Because of the breadth of these laws and the narrowness of the statutory exceptions and safe harbors available, it is possible that some of our business activities could be subject to challenge under one or more of such laws. If our operations are found to be in violation of any of the laws described above or any other government regulations that apply to us, we may be subject to penalties, including civil and criminal penalties, damages, fines, exclusion from participation in government health care programs, such as Medicare and Medicaid, imprisonment, reputational harm, public reprimands, third party actions, such as cease and desist letters or injunctions, and the curtailment or restructuring of our operations, any of which could harm our ability to operate our business and our results of operations.

The provision of benefits or advantages to physicians to induce or encourage the prescription, recommendation, endorsement, purchase, supply, order or use of medicinal products is prohibited in the European Union. The provision of benefits or advantages to physicians is also governed by the national anti-bribery laws of European Union Member States, such as the UK Bribery Act 2010. Infringement of these laws could result in substantial fines and imprisonment.

Product liability lawsuits against us could cause us to incur substantial liabilities and could limit licensing of our NAV Technology Platform or commercialization of any product candidates that we may develop.

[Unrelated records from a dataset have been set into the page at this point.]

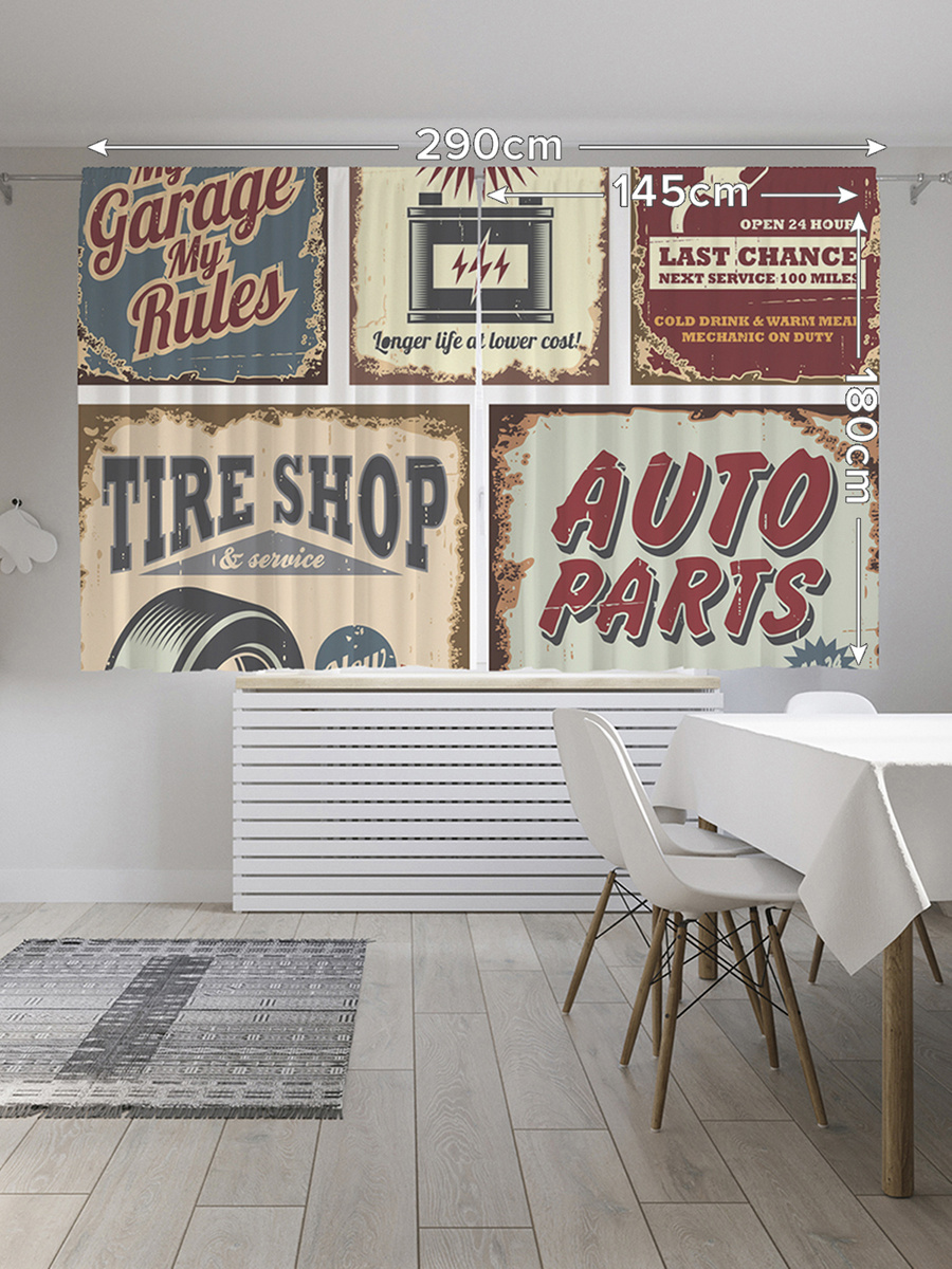 Шторы с фотопечатью "Автомобильное ретро" из сатена, 145х180 см
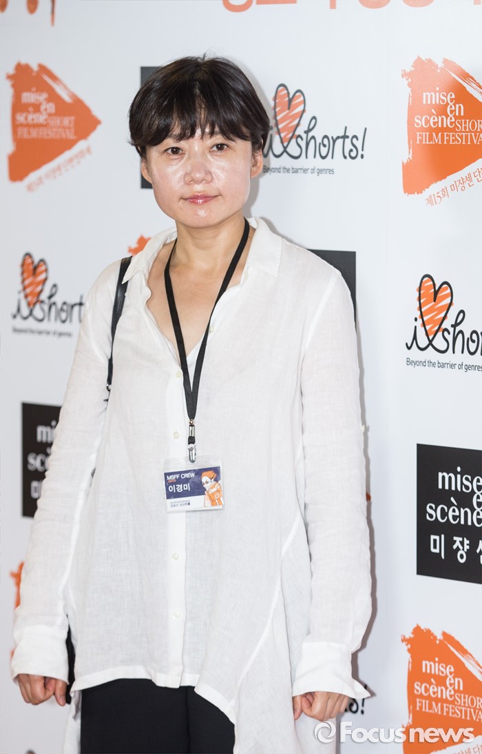 (서울=포커스뉴스) 23일 오후 서울 마포구 롯데시네마 홍대입구점에서 열린 '제15회 미쟝센 단편영화제' 개막 포토월 행사에 참여한 이경미 감독이 포토타임을 갖고 있다.
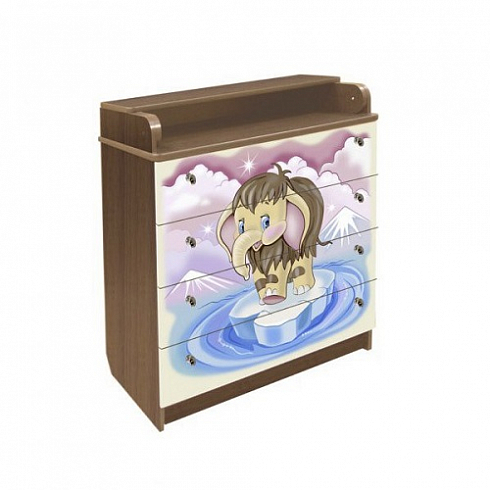 Комод Vlana с трансформируемой крышкой «Слоненок» КДП 80/4-10 - пеленальный,  изготовлен из качественной фурнитуры и материалов – ЛДСП и МДФ, что дает пользователю долгий срок службы изделия. Комод снабжен пеленальной поверхностью с бортиками, что предостережет малыша от случайного падения. Снабжен он 4-мя вместительными ящиками,  которые предназначены для одежды, аксессуаров, игрушек ребенка и всего того, что может пригодиться при пеленании малыша. Комод безопасный - без острых углов. Фасады изделия декорированы привлекательными изображениями, которые наносятся при помощи метода УФ-печати. Модель прекрасно впишется в интерьер любой детской комнаты. Ящики с бесшумным и плавным открытием и закрытием, которые оценят родители в процессе использования, ведь тишина это залог крепкого сна ребенка.
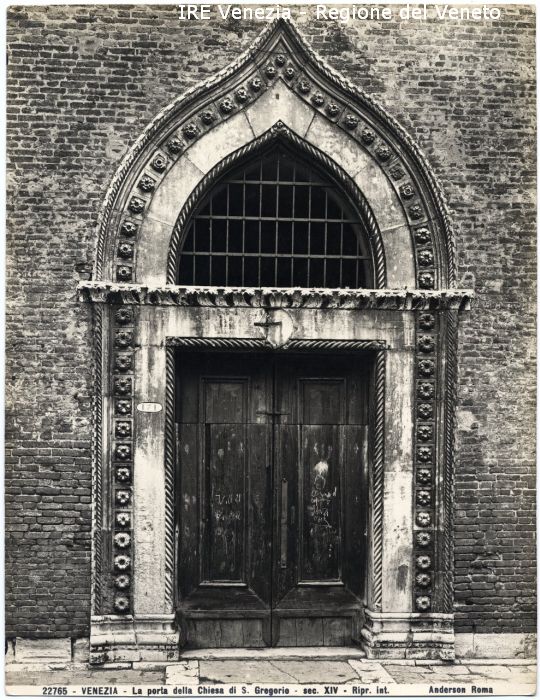 - ISCRIZIONI sul recto: in basso - 22765 - VENEZIA - La porta della Chiesa di S. Gregorio - sec. XIV - Ripr. int./ Anderson Roma - fotografica -
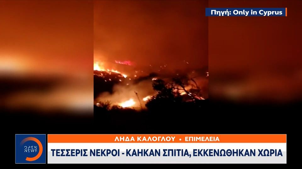 Νεκροί ανασύρθηκαν οι τέσσερις μέχρι πρότινος αγνοούμενοι από τη μεγάλη φωτιά που μαίνεται στην κύπρο.τα τέσσερα άτομα απανθρακώθηκαν στην προσπάθειά τους να ξεφύγουν από το πύρινο μέτωπο που βρισκόταν σε εξέλιξη. Καλογρίτσα με την οικογένεια χούρι. 61 δασικές πυρκαγιές ξέσπασαν το τελευταίο 24ωρο στη χώρα Μεγάλων διαστάσεων πυρκαγιά ξέσπασε στην κοινότητα αρακαπά, στην επαρχία λεμεσού, στην κύπρο. Εκκενώθηκαν οικισμοί και χωριά στην κεφαλονιά.
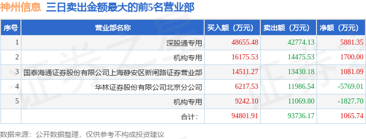 从龙虎榜公布的三日买卖数据来看,机构合计净买入6601.65万元,北向资金合计净买入5881.35万元。上海超短帮、毛老板等知名游资榜上有名。(知名游资上海超短帮一般指国泰海通证券股份有限公司上海静安区新闸路证券营业部席位、知名游资毛老板一般指国泰海通证券股份有限公司北京国贸证券营业部席位、知名游资上海超短帮一般指国泰海通证券股份有限公司上海静安区新闸路证券营业部席位,根据市场资料整理,仅供参考)
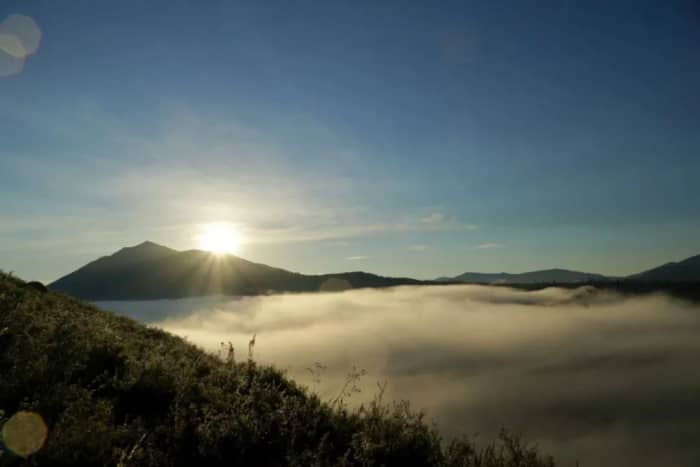 观景台上全部是雾,偶尔可以看到村庄的样子,日出真的绝美!听说在上面经常可以看到彩虹。

We face an inherent risk of product liability exposure related to our licensed NAV Technology Platform and the testing of our product candidates in clinical trials and may face an even greater risk if products utilizing our NAV Technology Platform are commercialized. If we cannot successfully defend ourselves against claims that our technology or product candidates caused injuries, we could incur substantial liabilities. Regardless of merit or eventual outcome, liability claims may result in:

 

decreased demand for our technology, including any product candidates that we may develop;

 

loss of revenue;

 

substantial monetary awards to trial participants or patients;

 

significant time and costs to defend the related litigation;

 

withdrawal of clinical trial participants;

 

the inability to license our NAV Technology Platform or commercialize any product candidates that we may develop; and

 

injury to our reputation and significant negative media attention.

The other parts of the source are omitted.